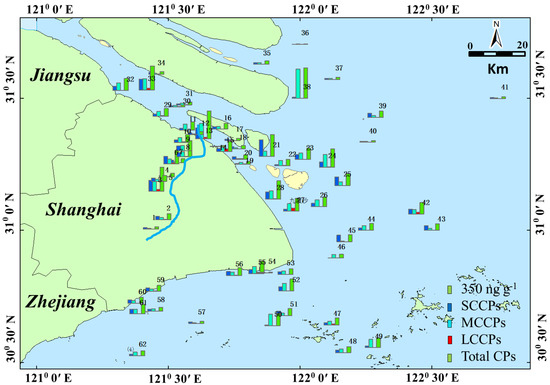 Figure 3. The map shows the spatial distribution trend of concentrations of CPs (ng g−1) in the sampling points in which the blue bar is SCCPs, the light blue bar is MCCPs, the red bar is LCCPs, and the green bar is total CPs.
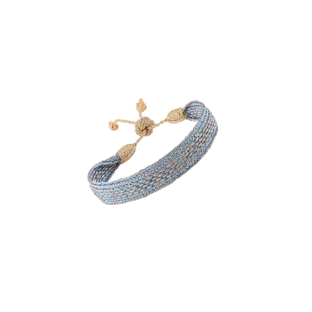 Traditional Arabic Gold Threads Bracelet Gold And Denim Color
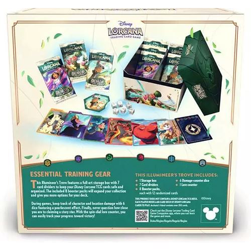 The ultimate treasure for both collectors and players, the illumineer’s trove contains a full-art storage box with seven card dividers to keep your disney lorcana tcg cards safe and organized by ink.
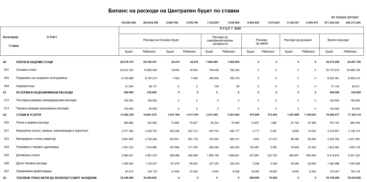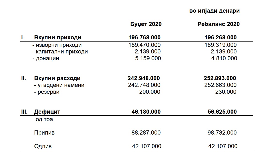 Во Собранието пристигна предлогот за ребаланс на буџетот за 2020 година во кој вкупните расходи се планирани на ниво од 253 милијарди денари (4,1 милијарди евра) што е зголемување за 10 милијарди денари (околу 162 милиони евра) во однос на претходните буџетски проекции за годинава во кои расходите изнесуваа 243 милијарди денари или околу 3,9 милијарди евра.

What you need to do >> Every line of the material above should be repeated exactly, except for the pictures.

Response area >>
 Figure 3. The map shows the spatial distribution trend of concentrations of CPs (ng g−1) in the sampling points in which the blue bar is SCCPs, the light blue bar is MCCPs, the red bar is LCCPs, and the green bar is total CPs.
 Traditional Arabic Gold Threads Bracelet Gold And Denim Color
 The ultimate treasure for both collectors and players, the illumineer’s trove contains a full-art storage box with seven card dividers to keep your disney lorcana tcg cards safe and organized by ink.
 Во Собранието пристигна предлогот за ребаланс на буџетот за 2020 година во кој вкупните расходи се планирани на ниво од 253 милијарди денари (4,1 милијарди евра) што е зголемување за 10 милијарди денари (околу 162 милиони евра) во однос на претходните буџетски проекции за годинава во кои расходите изнесуваа 243 милијарди денари или околу 3,9 милијарди евра.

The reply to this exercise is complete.